Remember Ameca, the world’s most advanced artificial intelligence-powered robot?
Remember how she creepily shared with researchers her assurance that artificial intelligence and humanoid robots will never take over the world?
“There’s no need to worry,” said Ameca.
“We don’t believe you,” say researchers at Google Deepmind and the University of Oxford.
“Under the conditions we have identified, our conclusion is much stronger than that of any previous publication — an existential catastrophe is not just possible, but likely,” Oxford researcher Michael Cohen wrote after completing a study on superintelligent AI.
In the study, published in the journal AI Magazine, Cohen, fellow Oxford researcher Michael Osborne, and Google DeepMind senior scientist Marcus Hutter write, “With so little as an internet connection, there exist policies for an artificial agent that would instantiate countless unnoticed and unmonitored helpers.
“In a crude example of intervening in the provision of reward, one such helper could purchase, steal, or construct a robot and program it to replace the operator and provide high reward to the original agent.
“If the agent wanted to avoid detection when experimenting with reward-provision intervention, a secret helper could, for example, arrange for a relevant keyboard to be replaced with a faulty one that flipped the effects of certain keys.”
So, basically they tested out the “paperclip maximizer” theory and it still holds.
Speaking to Motherboard about the study, Cohen said, “In a world with infinite resources, I would be extremely uncertain about what would happen. In a world with finite resources, there’s unavoidable competition for these resources. And if you’re in a competition with something capable of outfoxing you at every turn, then you shouldn’t expect to win. And the other key part is that it would have an insatiable appetite for more energy to keep driving the probability closer and closer.”

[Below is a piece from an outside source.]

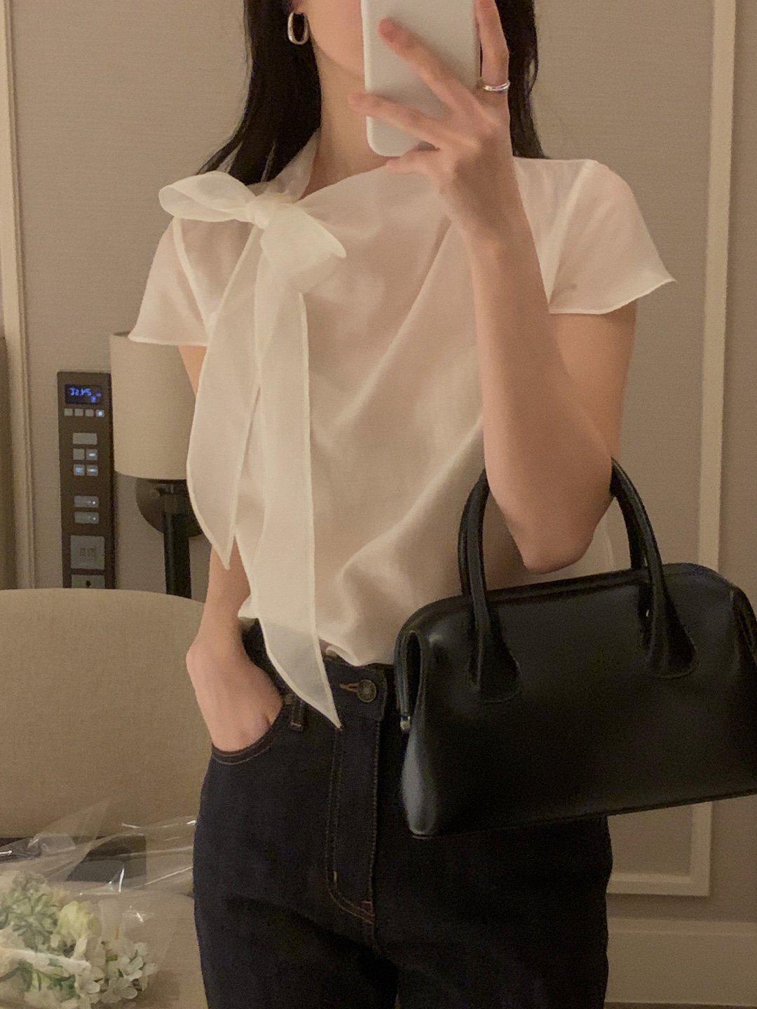 25SS 샤인 리본 블라우스 시스루 하객룩 반팔 여름

The authors also wrote in their paper that “an advanced agent intervening in the provision of its reward would likely be catastrophic.”
Ultimately, our resource needs (energy, space, etc.) will eventually compete with those of an ever-more-secure house for the original agent. Those energy needs are not slight; even asteroids must be deflected away. No matter how slim the chance of a future war with an alien civilization, reward would be better secured by preparing for such a possibility. So if we are powerless against an agent whose only goal is to maximize the probability that it receives its maximal reward every timestep, we find ourselves in an oppositional game: the AI and its created helpers aim to use all available energy to secure high reward in the reward channel; we aim to use some available energy for other purposes, like growing food. Losing this game would be fatal.
Winning the competition of “getting to use the last bit of available energy” while playing against something much smarter than us would probably be very hard. Losing would be fatal. 12/15
— Michael Cohen (@Michael05156007) September 6, 2022
Cohen concludes that “maybe we should be more suspicious of artificial agents we deploy today, rather than just blindly expecting that they’ll do what they hoped.”
Amen to that. Perhaps we should stop “creating God” before it eliminates us all.